#### Prompt:
How many lines of the listing below contain the word "Spuren"? Reply with that number alone.

#### Given entries:
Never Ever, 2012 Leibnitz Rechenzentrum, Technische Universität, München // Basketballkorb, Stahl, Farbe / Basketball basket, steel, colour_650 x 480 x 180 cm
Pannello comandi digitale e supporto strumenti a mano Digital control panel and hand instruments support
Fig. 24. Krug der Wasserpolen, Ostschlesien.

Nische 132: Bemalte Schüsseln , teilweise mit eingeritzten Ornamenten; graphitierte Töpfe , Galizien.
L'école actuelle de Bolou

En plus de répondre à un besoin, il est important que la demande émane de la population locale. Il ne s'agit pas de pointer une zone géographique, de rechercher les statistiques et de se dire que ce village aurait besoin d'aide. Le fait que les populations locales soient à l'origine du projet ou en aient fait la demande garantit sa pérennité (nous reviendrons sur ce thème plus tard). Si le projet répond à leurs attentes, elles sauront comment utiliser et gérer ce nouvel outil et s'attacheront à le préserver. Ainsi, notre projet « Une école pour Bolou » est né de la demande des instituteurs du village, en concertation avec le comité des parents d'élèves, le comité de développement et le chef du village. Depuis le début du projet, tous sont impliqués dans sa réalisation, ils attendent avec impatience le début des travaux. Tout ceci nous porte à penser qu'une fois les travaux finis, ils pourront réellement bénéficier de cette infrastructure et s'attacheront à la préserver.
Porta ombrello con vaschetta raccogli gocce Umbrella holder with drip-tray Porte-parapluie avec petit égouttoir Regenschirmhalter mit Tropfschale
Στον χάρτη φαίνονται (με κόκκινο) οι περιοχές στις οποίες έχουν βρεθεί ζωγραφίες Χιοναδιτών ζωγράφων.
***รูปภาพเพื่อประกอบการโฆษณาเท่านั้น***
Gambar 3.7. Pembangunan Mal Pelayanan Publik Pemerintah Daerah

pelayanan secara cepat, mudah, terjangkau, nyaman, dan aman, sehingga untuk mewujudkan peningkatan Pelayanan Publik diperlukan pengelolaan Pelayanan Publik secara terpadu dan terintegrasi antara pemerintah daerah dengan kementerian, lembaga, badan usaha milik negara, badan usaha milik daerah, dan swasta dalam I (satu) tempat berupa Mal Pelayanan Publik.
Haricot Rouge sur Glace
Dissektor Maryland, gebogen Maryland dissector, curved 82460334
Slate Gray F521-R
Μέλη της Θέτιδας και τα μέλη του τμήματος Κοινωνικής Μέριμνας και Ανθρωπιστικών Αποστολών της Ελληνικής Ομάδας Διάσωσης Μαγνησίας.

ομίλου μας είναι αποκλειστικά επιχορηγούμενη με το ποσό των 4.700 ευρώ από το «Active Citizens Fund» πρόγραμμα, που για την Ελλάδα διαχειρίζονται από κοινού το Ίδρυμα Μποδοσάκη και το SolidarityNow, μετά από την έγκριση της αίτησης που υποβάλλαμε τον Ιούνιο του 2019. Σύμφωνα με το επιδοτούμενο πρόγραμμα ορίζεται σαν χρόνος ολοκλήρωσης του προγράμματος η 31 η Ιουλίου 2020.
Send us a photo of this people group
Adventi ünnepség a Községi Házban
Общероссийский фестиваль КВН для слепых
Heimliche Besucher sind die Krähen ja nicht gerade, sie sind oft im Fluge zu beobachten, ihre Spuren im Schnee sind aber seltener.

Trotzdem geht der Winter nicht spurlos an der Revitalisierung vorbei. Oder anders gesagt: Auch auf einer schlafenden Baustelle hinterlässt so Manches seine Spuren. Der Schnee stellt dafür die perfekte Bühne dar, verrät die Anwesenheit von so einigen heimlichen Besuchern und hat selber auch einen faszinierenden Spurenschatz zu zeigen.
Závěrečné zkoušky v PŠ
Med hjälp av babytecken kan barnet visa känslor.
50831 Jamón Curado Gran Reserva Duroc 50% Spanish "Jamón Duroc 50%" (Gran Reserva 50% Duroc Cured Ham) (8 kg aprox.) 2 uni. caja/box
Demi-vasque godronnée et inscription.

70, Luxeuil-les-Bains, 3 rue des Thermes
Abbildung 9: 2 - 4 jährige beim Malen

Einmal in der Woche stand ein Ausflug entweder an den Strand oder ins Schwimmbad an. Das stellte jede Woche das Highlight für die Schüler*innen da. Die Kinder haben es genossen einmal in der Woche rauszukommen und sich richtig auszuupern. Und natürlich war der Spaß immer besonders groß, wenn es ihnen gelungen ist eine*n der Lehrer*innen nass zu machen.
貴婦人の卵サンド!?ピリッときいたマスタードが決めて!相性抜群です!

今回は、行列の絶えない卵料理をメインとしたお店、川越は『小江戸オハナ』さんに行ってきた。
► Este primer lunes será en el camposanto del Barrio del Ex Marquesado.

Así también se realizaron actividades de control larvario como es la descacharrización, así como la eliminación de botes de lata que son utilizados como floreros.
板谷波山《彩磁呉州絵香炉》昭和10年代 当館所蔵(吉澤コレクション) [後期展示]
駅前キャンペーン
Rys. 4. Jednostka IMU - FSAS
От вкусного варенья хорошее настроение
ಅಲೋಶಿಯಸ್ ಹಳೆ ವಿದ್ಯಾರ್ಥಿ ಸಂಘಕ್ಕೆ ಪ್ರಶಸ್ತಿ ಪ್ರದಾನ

#### Solution for this exercise:
2